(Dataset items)
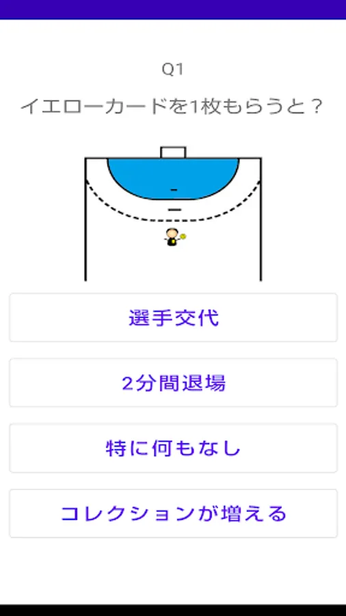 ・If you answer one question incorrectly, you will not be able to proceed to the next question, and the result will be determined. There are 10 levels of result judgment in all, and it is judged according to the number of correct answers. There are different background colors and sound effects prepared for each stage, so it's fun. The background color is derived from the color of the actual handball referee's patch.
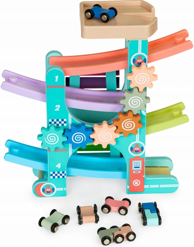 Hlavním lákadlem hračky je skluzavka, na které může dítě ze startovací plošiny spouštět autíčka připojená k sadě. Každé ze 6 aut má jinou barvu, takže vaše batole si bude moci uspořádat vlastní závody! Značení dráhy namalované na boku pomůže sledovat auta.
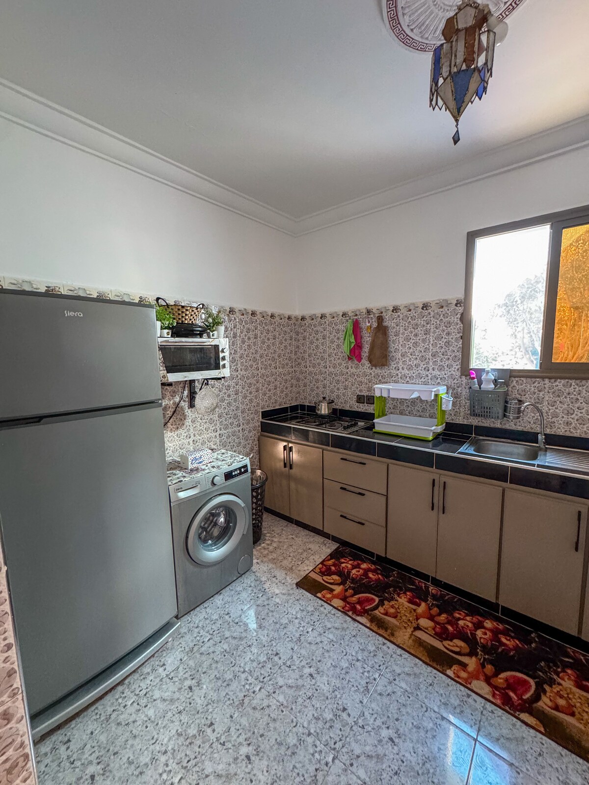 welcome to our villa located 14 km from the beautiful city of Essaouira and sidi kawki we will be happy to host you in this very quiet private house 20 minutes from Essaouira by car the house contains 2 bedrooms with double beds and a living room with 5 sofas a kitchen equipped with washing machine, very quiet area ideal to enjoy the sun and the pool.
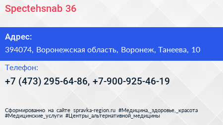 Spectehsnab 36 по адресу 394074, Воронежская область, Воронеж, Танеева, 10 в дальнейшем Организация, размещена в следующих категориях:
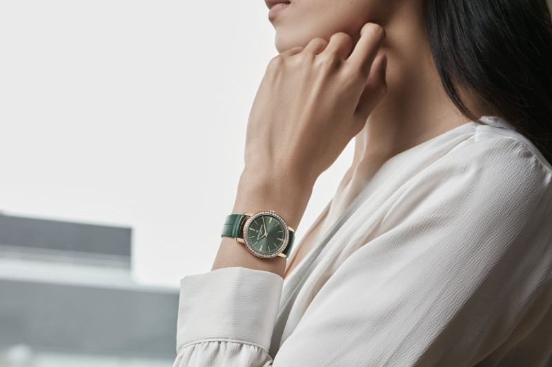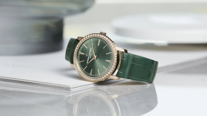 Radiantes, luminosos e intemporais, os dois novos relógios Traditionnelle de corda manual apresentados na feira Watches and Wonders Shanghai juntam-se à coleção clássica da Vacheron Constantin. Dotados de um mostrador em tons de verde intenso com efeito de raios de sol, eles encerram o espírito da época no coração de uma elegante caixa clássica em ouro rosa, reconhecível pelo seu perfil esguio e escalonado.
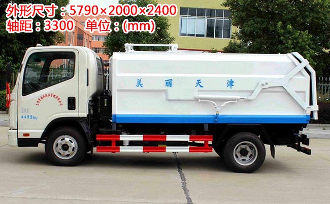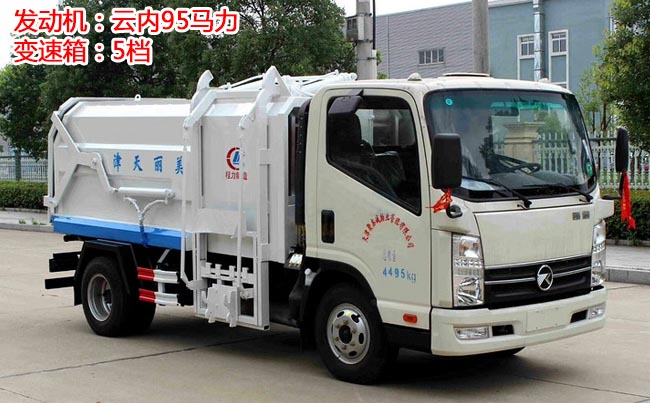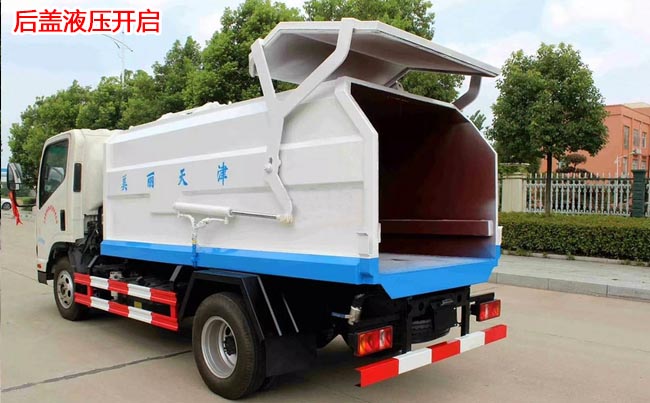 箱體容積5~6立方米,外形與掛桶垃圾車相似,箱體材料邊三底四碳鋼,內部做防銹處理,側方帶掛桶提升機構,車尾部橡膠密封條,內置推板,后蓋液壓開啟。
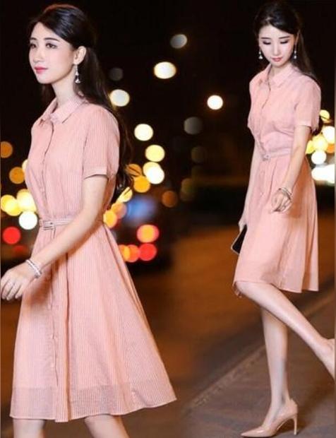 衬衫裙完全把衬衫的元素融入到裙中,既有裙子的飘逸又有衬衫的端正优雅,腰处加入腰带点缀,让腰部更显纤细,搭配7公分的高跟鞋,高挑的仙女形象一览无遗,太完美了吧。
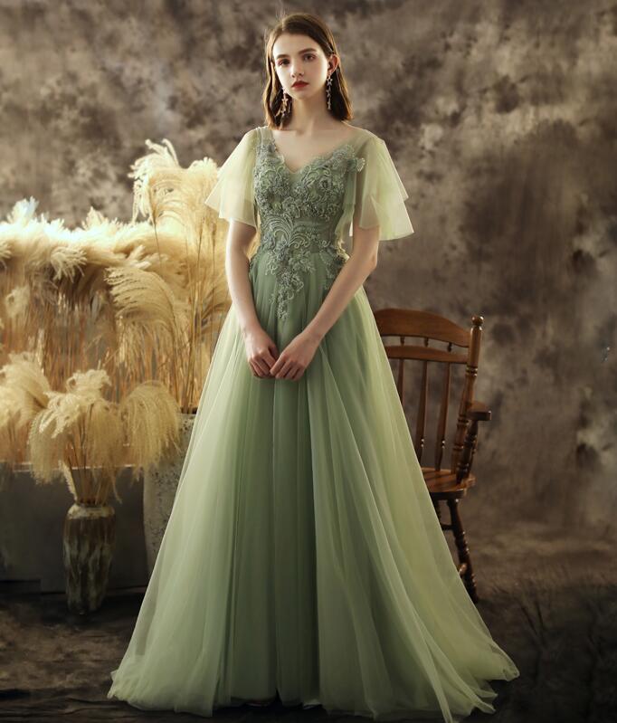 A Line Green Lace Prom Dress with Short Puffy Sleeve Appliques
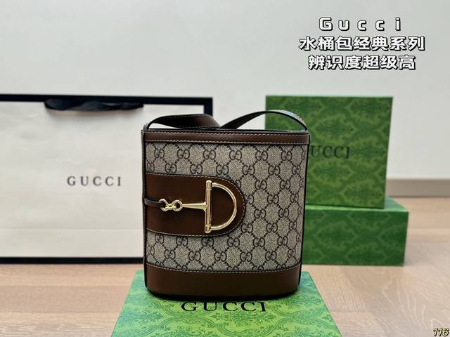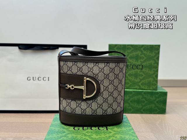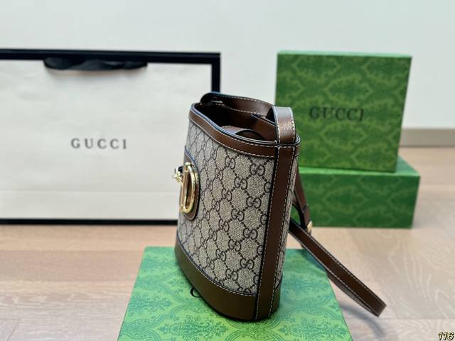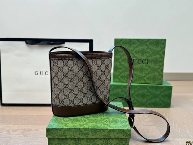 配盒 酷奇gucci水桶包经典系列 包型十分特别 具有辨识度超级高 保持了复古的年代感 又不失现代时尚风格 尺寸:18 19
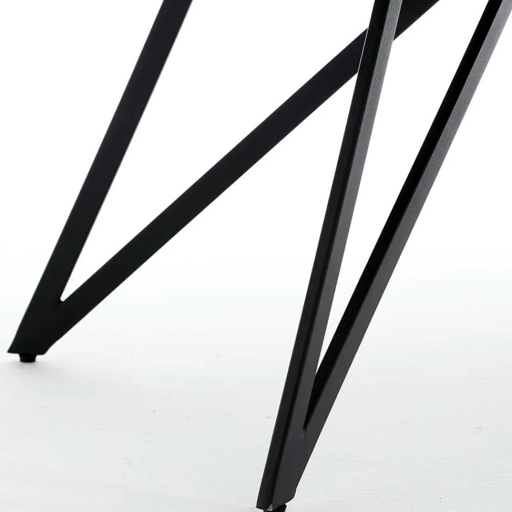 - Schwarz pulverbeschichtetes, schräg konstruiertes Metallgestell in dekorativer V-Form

*Try it*
Only lines from the one holding "衬衫裙完全把衬衫的元素融入到" through the last line of the entries above are wanted, both ends included, each retyped exactly; no pictures.

*Response*
 衬衫裙完全把衬衫的元素融入到裙中,既有裙子的飘逸又有衬衫的端正优雅,腰处加入腰带点缀,让腰部更显纤细,搭配7公分的高跟鞋,高挑的仙女形象一览无遗,太完美了吧。
 A Line Green Lace Prom Dress with Short Puffy Sleeve Appliques
 配盒 酷奇gucci水桶包经典系列 包型十分特别 具有辨识度超级高 保持了复古的年代感 又不失现代时尚风格 尺寸:18 19
 - Schwarz pulverbeschichtetes, schräg konstruiertes Metallgestell in dekorativer V-Form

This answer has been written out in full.